5:30 6oz chicken, spinach

7:00 60z ground turkey, 1/2 brown rice, soy sauce, hot sauce


----------



## nikegurl (May 13, 2003)

hey leethal - get well soon!  good job sticking with good eating despite your injury.


----------



## Leethal (May 14, 2003)

*5/14*

Thanks nikegurl, hopefully my weight will be on track by the time I can start lifting again.

Also buff may notice my meals are almost exactly the same! I figured she wouldn't mind.

7AM 1 SERVING EGG Beaters, 1 serving plain oatmeal with tbsp splenda.

9am 2 serving whey 1tbsp heavy cream 4 strawberries

11:45am 6az lean grnd beef, 1/2 cup brown rice, flax

3:30 6 oz chicken, spinach, 1 tbsp carb free dressing

7:00 6oz turkey 1 cup brown rice mixed veggies, hot sauce and soy sauce


9:00 tuna with tbsp mayo


----------



## Jodi (May 14, 2003)

Why are your meals the same as Buff's?


----------



## Leethal (May 15, 2003)

*5/15*

Jodi, cause I wanted to take in about 2000 calories. I am much heavier than buff but currently inactive due to injury. 

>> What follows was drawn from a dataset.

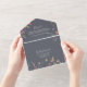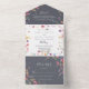 Ce mariage classique bleu sauvage à fleurs, le tout dans une seule invitation, conviendra parfaitement à un mariage tropical. Le design est composé de fleurs sauvages rose, violet, jaune, bordeaux, marine et bleu dessinées à la main, disposées dans de belles formes. Enregistrez du papier en incluant plus de détails dans l'invitation plutôt que sur une carte de boîtier séparée.

7AM 1 SERVING EGG Beaters, 1 serving plain oatmeal with tbsp splenda.

10:00 2serving whey, 1 tbsp heavy cream, 4 strawberries

11:30 tuna tbsp mayo tbsp flax apple


----------



## Jodi (May 15, 2003)

Well just so you know you are putting yourself in starvation mode and sacraficing your metabolism because your not getting enough calories.


----------



## Fit Freak (May 15, 2003)

Leethal...what are your stats??? BF...BW...height...and what about your trining, etc....have you been dieting for long?

Just need to see some stats before I comment on the macros/cals....


----------



## Jodi (May 15, 2003)

> _*Originally posted by Fit Freak *_
> Leethal...what are your stats??? BF...BW...height...and what about your trining, etc....have you been dieting for long?
> 
> Just need to see some stats before I comment on the macros/cals....

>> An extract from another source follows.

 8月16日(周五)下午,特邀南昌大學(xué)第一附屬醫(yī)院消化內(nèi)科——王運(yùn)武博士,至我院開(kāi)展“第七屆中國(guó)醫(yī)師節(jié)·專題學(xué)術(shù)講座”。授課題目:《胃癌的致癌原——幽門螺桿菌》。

Good to see you around again


----------



## Leethal (May 15, 2003)

*stats*

6-1 245 bf 30% currently unable to train due to torn triceps left arm, should get cleared for some cardio this monday. 

Used to weight train much more where my LBM was around 190 and I weighed btw 215-225, so I converted a lot of lean mass to fat and of course added more fat. A two year layoff really hurts the physique.

Just started this diet change monday after some false starts this spring.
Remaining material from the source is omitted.